Website Performance: Understanding the Basics

Crucial for website performance is the critical rendering path, this article shines a light on browser rendering and provides tools and strategies to optimize for it.

Originally published at fabianstiehle.com

Certain resources on websites are render blocking, the browser can’t paint the website without downloading and evaluating these resources. On many websites, the browser spends precious first-page-load time downloading and evaluating resources not necessarily needed for the rendering of the initial page. For good performing websites we need to optimize for fast rendering. This article will give you an overview of all the tools and methods required to optimize the rendering path, without getting caught up in implementation details.

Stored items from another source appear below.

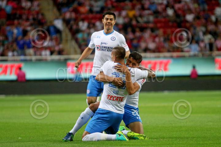 ZAPOPAN, JALISCO. 29OCTUBRE2016.- Richard Ruiz, jugador de Cruz Azul celebra su anotación con sus copañeros, en partido correspondiente a la Jornada 15 del Torneo Apertura 2016 de la Liga MX, en donde se enfrentan las Chivas de Guadalajara frente a la Maquina de Cruz Azul, en encuentro que se lleva a cabo en el Estadio Chivas, hasta el momento el marcador se encuentra igualado a dos goles. FOTO : FERNANDO CARRANZA GARCIA / CUARTOSCURO.COM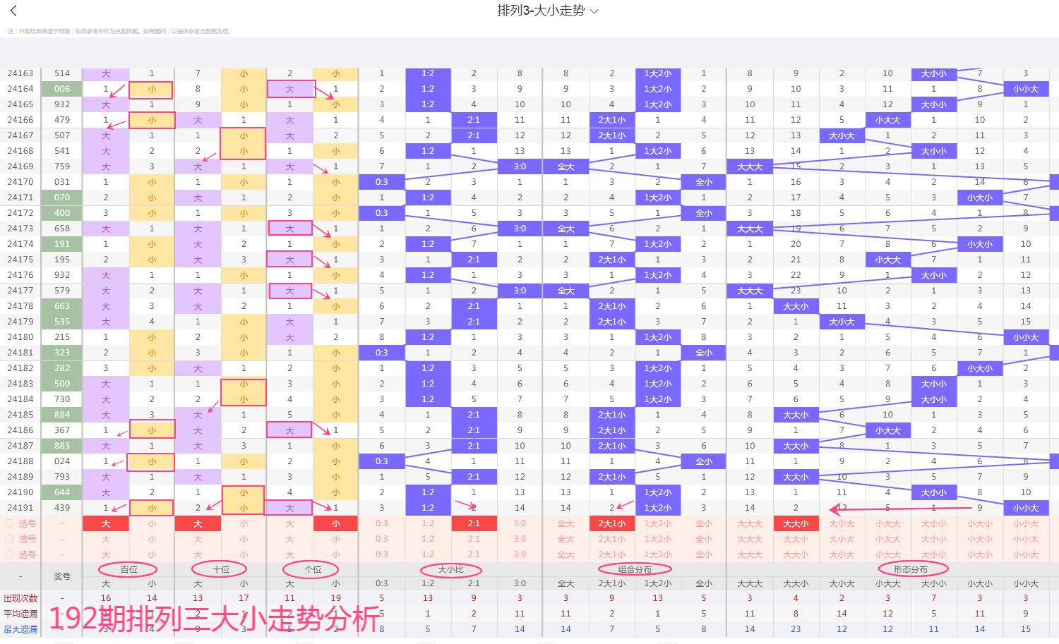 大小走势,在30期内出现次数比例17比13,最大遗漏数据比例3比5,最大连出数据比例5比3,平均遗漏数据比例1比1,近期大小小大小走势出现,数据分析,大走势可能再交替出现。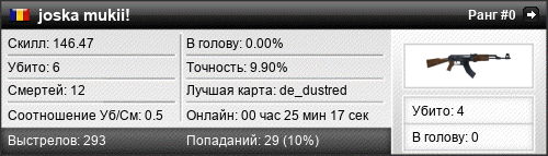 | de_dustred | 4 | 0.40 | 0.23 | 2 | 11 | 00:17:34 | 10.11.2015 | |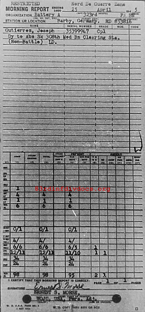Morning report A/323FA for April 25, 1945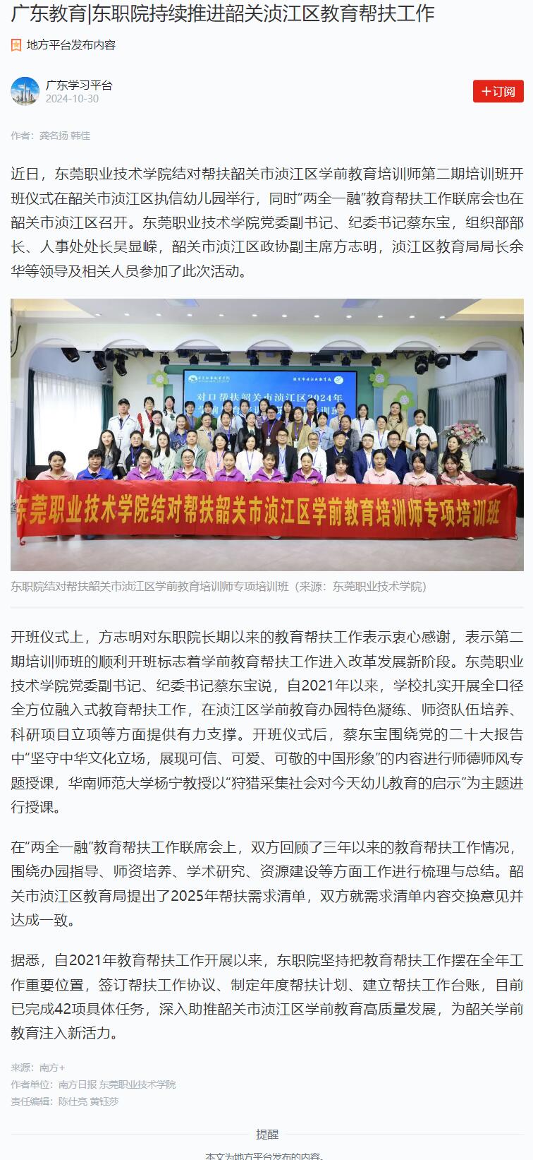 【学习强国】东职院持续推进韶关浈江区教育帮扶工作

But before we dig deeper into optimizing the render path — it is crucial to understand how a browser actually renders a website.

Browser Rendering on an abstract level

Before anything else, the browser parses the HTML and creates the document-object-model, usually abbreviated as DOM. The DOM is structured as a tree-structure and essentially is an abstract representation of all valid html nodes, visible or not.

The DOM doesn’t contain any information regarding the visual representation of it’s elements, this is handled by another vital tree-structure: The CSSOM. As most of you might guess, CSSOM is an abbreviation for cascading-stylesheets-object-model and contains all valid CSS styling information from both internal and external stylesheets.

From the DOM and CSSOM the Rendertree/Frametree is constructed. It depicts what actually needs to be rendered, so only visible HTML nodes, no head or hidden elements. At this point the CSSOM is matched against the DOM and attached to the matching element in the Frametree.

When the frametree is constructed, the browser can proceed by calculating the coordinates for each element on the screen. This process is called Layouting, as the browser is laying-out the elements on the screen.

Now the webpage can finally be painted on the screen, and this is quite literally a painting process, which is actually handled by the GPU.

As we notice, rendering a webpage is a very sequential process. It bears a lot of potential bottlenecks, with one being very obvious: The Browser needs both the CSS and the DOM before rendering can occur.

Almost all fronted performance challenges are derived as an implication of this process, though to fully understand the broad picture we also need to look at JavaScript.

Effects of JavaScript on the rendering of a webpage

Javascript is loaded and evaluated synchronously. So if the browser encounters Javascript it holds the page parsing, downloads and executes the file. This leads us back to our initial problem, when Javascript holds the page parsing, it effectively holds the DOM from being completed.

Javascript as such is not a render blocking resource, but parser blocking — which as a result leads to render blocking.

JavaScript has another peculiarity, JavaScript itself is dependent on the CSSOM. JavaScript won’t execute without the CSSOM being fully constructed, the browser must assume that JavaScript may access/modify CSS properties and therefore delays execution.

Resource prefetching

In modern browsers prefetching is employed, as soon as the parser is blocked, the browser actually looks for other resources it might have to load further down the page, but no DOM manipulation or parsing occurs during this time, it only starts loading these other resources.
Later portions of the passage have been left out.